Extracted material Block Start
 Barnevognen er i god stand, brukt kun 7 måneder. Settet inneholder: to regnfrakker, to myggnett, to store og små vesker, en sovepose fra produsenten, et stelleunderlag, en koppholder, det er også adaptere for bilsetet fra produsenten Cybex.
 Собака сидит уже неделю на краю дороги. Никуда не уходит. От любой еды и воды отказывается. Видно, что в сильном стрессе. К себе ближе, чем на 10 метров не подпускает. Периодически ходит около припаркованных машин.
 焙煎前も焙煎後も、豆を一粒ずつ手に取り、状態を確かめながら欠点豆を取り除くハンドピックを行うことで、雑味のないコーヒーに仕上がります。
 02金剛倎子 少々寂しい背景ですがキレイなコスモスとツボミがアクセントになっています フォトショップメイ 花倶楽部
Extracted material Block End
Extracted material Block Start
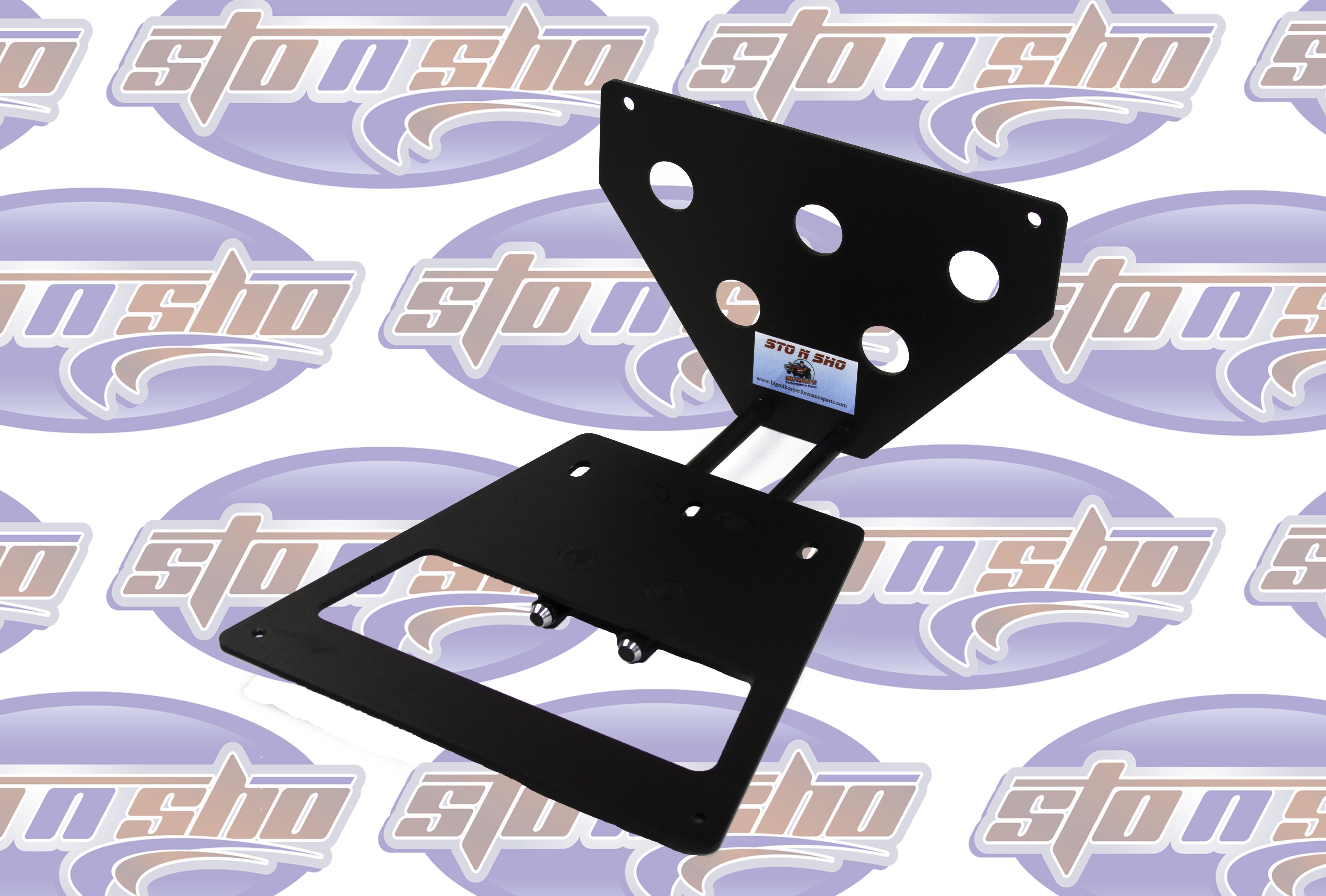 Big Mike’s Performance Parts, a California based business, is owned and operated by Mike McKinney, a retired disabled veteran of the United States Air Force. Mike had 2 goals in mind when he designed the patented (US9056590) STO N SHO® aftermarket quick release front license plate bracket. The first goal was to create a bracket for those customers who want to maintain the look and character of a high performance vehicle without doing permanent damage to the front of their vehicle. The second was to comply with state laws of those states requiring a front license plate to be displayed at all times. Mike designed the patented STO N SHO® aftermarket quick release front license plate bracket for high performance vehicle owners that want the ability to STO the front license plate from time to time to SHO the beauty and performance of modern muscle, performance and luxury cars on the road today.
Extracted material Block End
# Assignment
Retype only this portion of the data above: the line containing "焙煎前も焙煎後も、豆を一粒ず", the line containing "02金剛倎子 少々寂しい背景ですがキレイなコスモスとツボミがアクセントになっています フォトショップメイ", and all lines between them, exactly.

# Response to the task
 焙煎前も焙煎後も、豆を一粒ずつ手に取り、状態を確かめながら欠点豆を取り除くハンドピックを行うことで、雑味のないコーヒーに仕上がります。
 02金剛倎子 少々寂しい背景ですがキレイなコスモスとツボミがアクセントになっています フォトショップメイ 花倶楽部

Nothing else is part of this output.